PROVIDED MATERIAL:
────────────────────
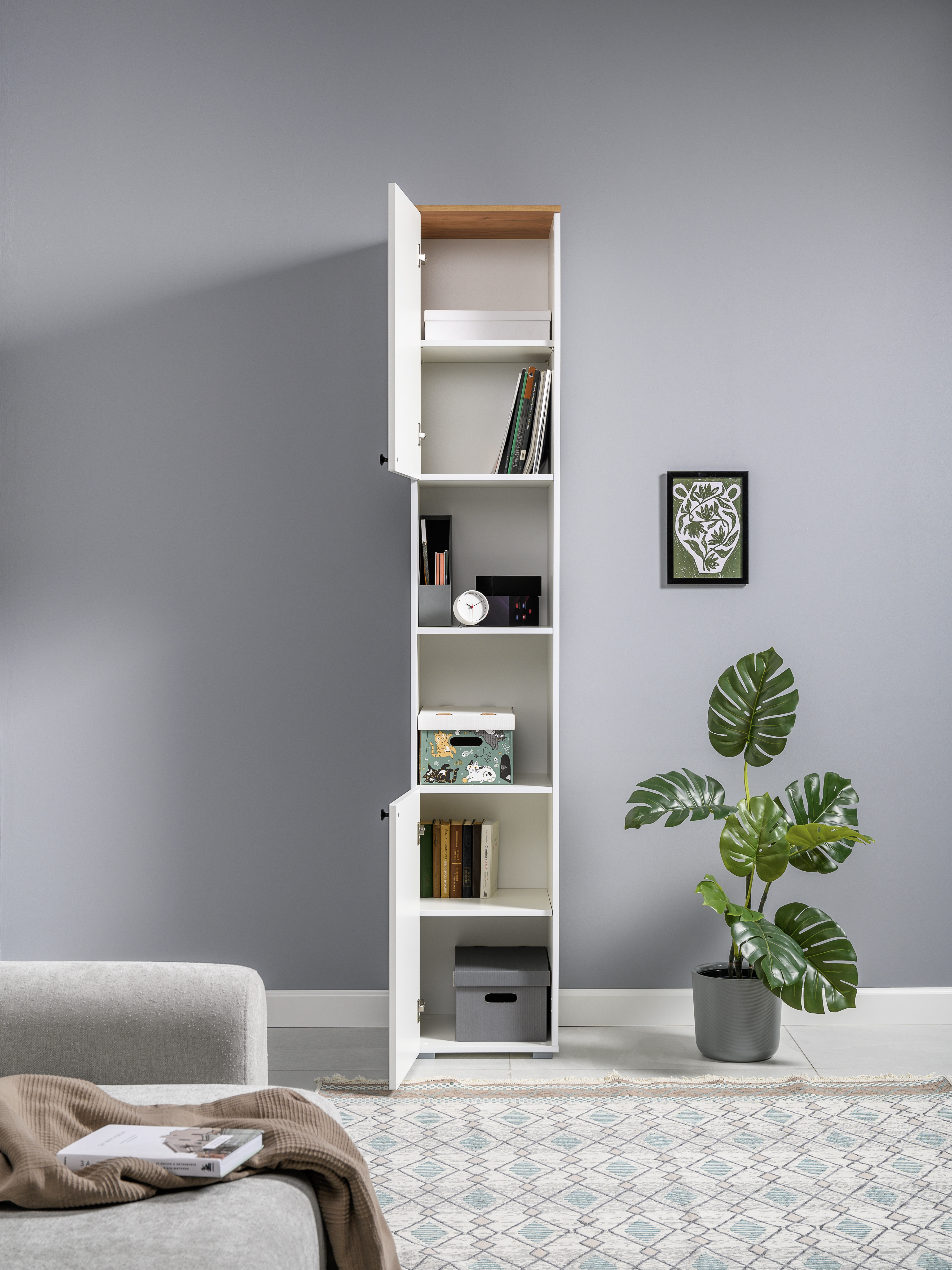 Стеллаж Остин 16.427 белый PE шагрень, дуб золотой CRAFT, белая шагрень 4101 ПВХ, сборка на любую сторону
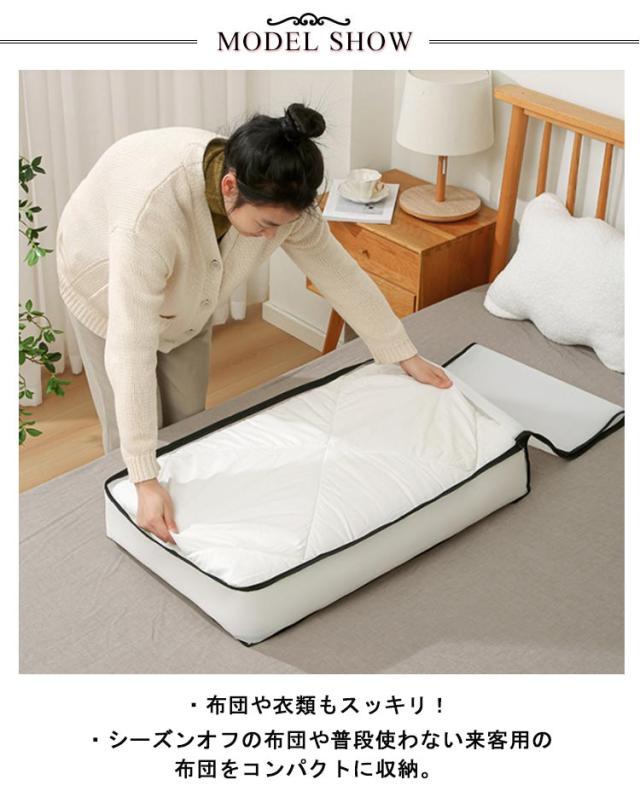 | ・布団や衣類もスッキリ! ・ベッド下のすき間の有効活用ができるベッド下衣類収納ケース ・中身が見える半透明タイプ ・シーズンオフの布団や普段使わない来客用の布団をコンパクトに収納。 ・見た目のごちゃごちゃ感が一掃できて、お部屋の中やクローゼットもすっきり、 スペースの有効利用が可能。 | |
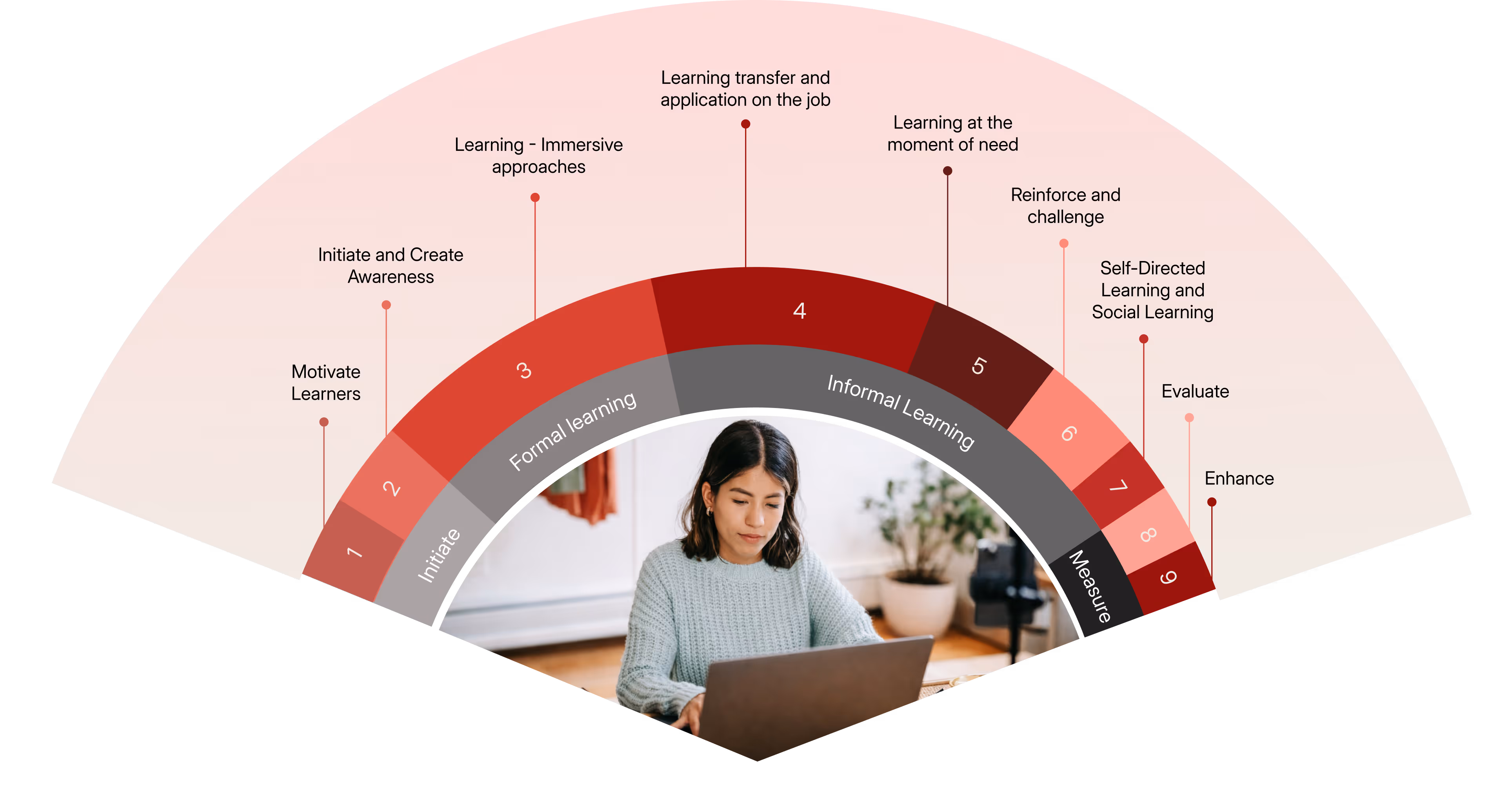 Comprehensive 9-phase ecosystem combining formal learning, informal learning, performance support, and continuous measurement for sustained performance improvement.
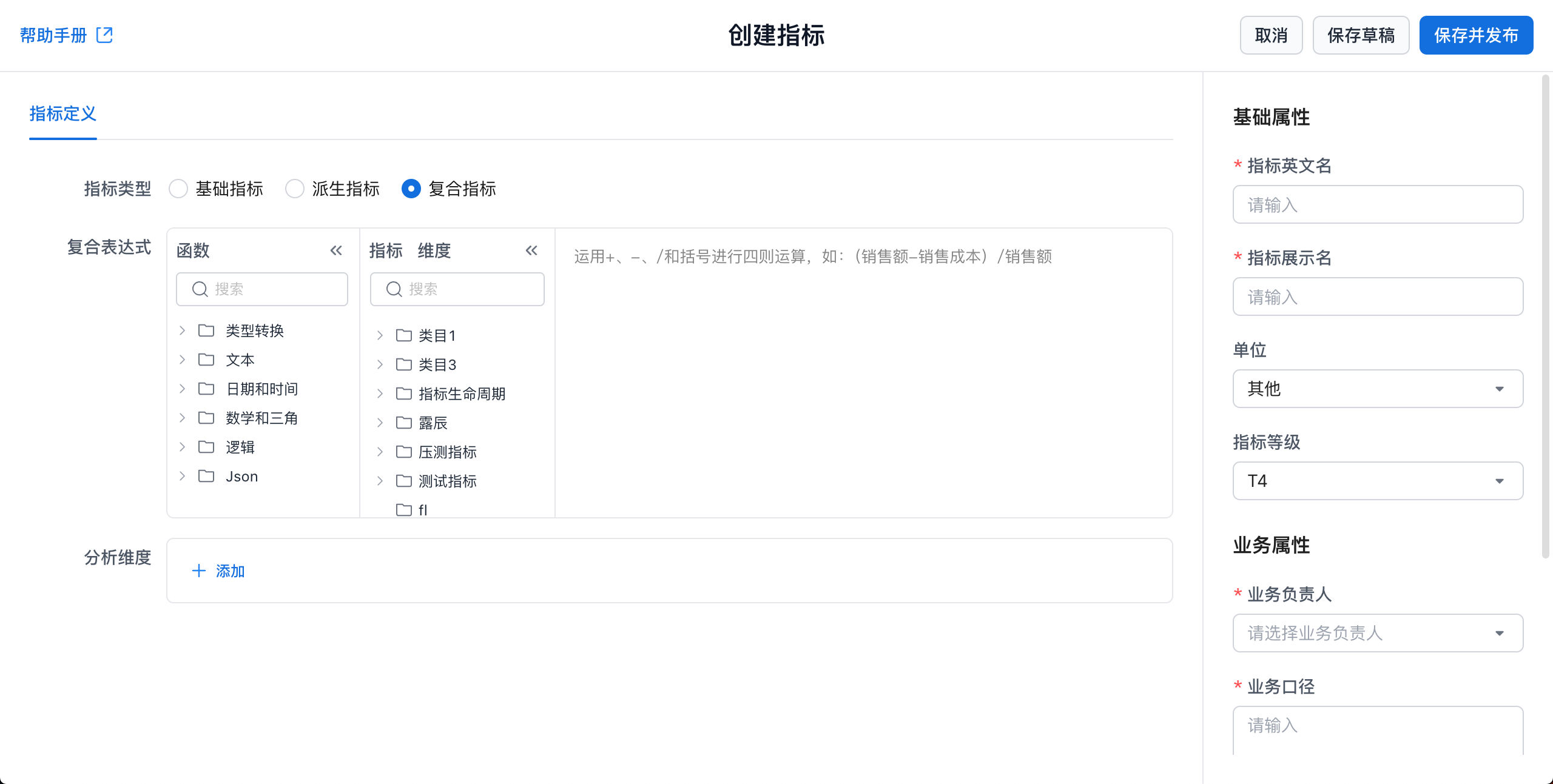 | 指标类目 | 指标的类目,系统提供未分类类目 |
────────────────────
WHAT THIS TASK INVOLVES: Leaving every picture out, please copy exactly the lines from the one holding "スペースの有効利用が可能。 | |" through the last line of the listing, both ends included.

TASK SOLUTION:
 | ・布団や衣類もスッキリ! ・ベッド下のすき間の有効活用ができるベッド下衣類収納ケース ・中身が見える半透明タイプ ・シーズンオフの布団や普段使わない来客用の布団をコンパクトに収納。 ・見た目のごちゃごちゃ感が一掃できて、お部屋の中やクローゼットもすっきり、 スペースの有効利用が可能。 | |
 Comprehensive 9-phase ecosystem combining formal learning, informal learning, performance support, and continuous measurement for sustained performance improvement.
 | 指标类目 | 指标的类目,系统提供未分类类目 |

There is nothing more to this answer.